**DESCRIPTION OF THE TASK:** Everything in the data should be repeated exactly, save for the images.

**EXERCISE INPUTS:**
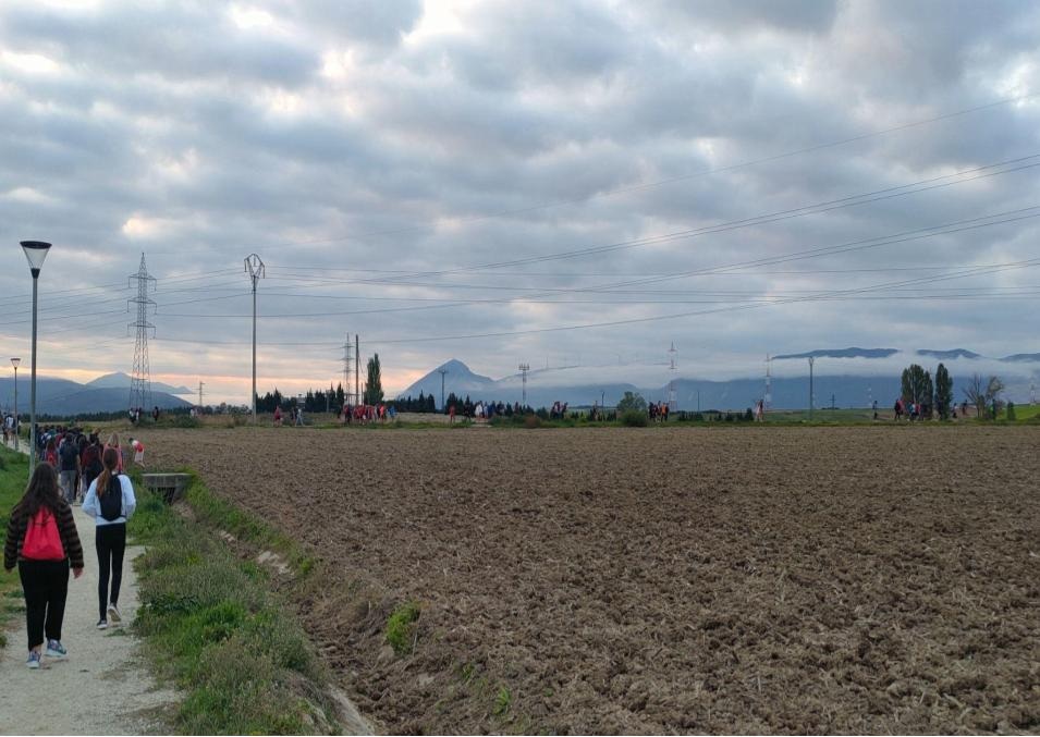 Por su parte, el alumnado de 2º de ESO efectuó una ruta desde Zizur Mayor hasta el pueblo de Astrain, pasando por las pistas del valle, por los terrenos de Sagües y Muru-Astrain para luego acabar almorzando en Astrain antes de emprender el camino de regreso al instituto.
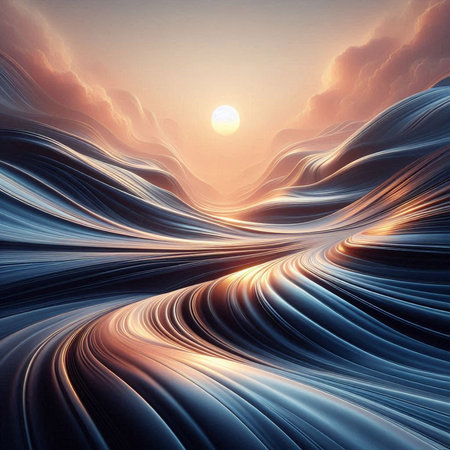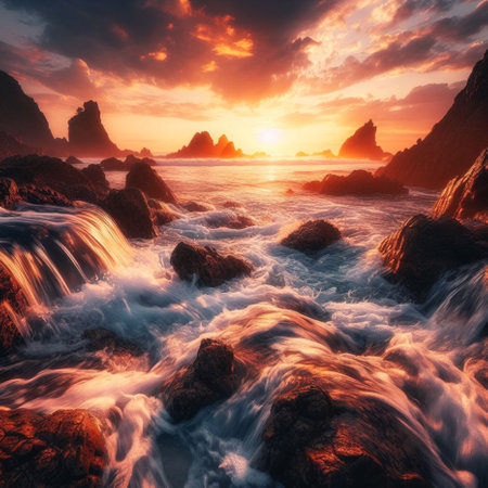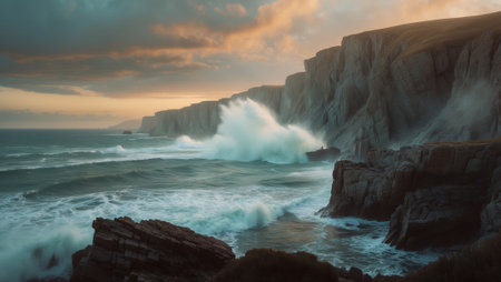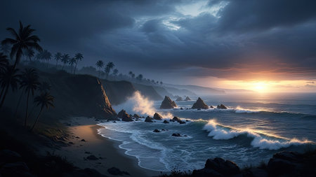 This image presents a coastal landscape featuring ocean waves crashing against rocky shores. The composition showcases a sunset with vibrant hues illuminating the water. The scene uses a painterly style with moody lighting and dark, atmospheric tones. Suitable for various uses including editorial and commercial projects.
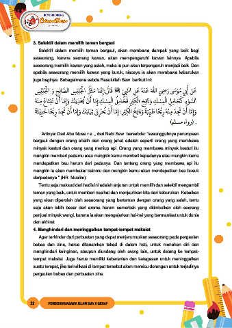 seseorang memilih kawan yang saleh, maka ia pun akan terpengaruh menjadi baik. Dan
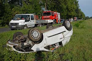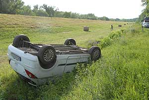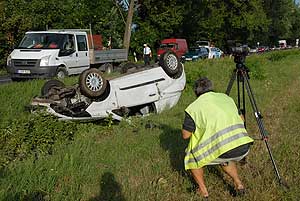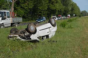 Csongrád felől Szentes felé haladt egy Opel személygépkocsi, amikor az egyenetlen úttesten a jármű vezetője elveszítette uralmát a gépkocsi felett és az útszéli árokba hajtott, majd felborult. Az Opel vezetőjét könnyű sérülésekkel szállították a szentesi kórházba.
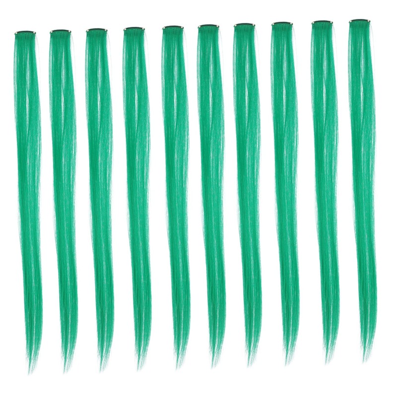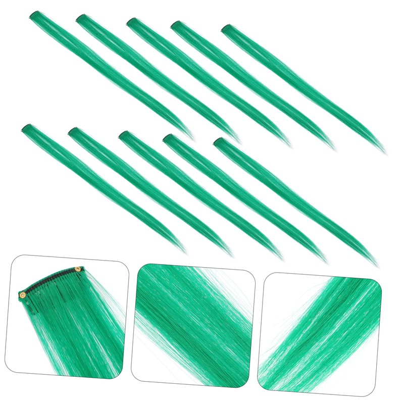 Baluue 10pcs Green Clip-in Hair Extensions Straight Tinsel Hair for Women for Cosplay Parties and Festivals Lightweight Easy to Blend No Chemical Treatment Required

**RESULT OF THIS TASK:**
 Por su parte, el alumnado de 2º de ESO efectuó una ruta desde Zizur Mayor hasta el pueblo de Astrain, pasando por las pistas del valle, por los terrenos de Sagües y Muru-Astrain para luego acabar almorzando en Astrain antes de emprender el camino de regreso al instituto.
 This image presents a coastal landscape featuring ocean waves crashing against rocky shores. The composition showcases a sunset with vibrant hues illuminating the water. The scene uses a painterly style with moody lighting and dark, atmospheric tones. Suitable for various uses including editorial and commercial projects.
 seseorang memilih kawan yang saleh, maka ia pun akan terpengaruh menjadi baik. Dan
 Csongrád felől Szentes felé haladt egy Opel személygépkocsi, amikor az egyenetlen úttesten a jármű vezetője elveszítette uralmát a gépkocsi felett és az útszéli árokba hajtott, majd felborult. Az Opel vezetőjét könnyű sérülésekkel szállították a szentesi kórházba.
 Baluue 10pcs Green Clip-in Hair Extensions Straight Tinsel Hair for Women for Cosplay Parties and Festivals Lightweight Easy to Blend No Chemical Treatment Required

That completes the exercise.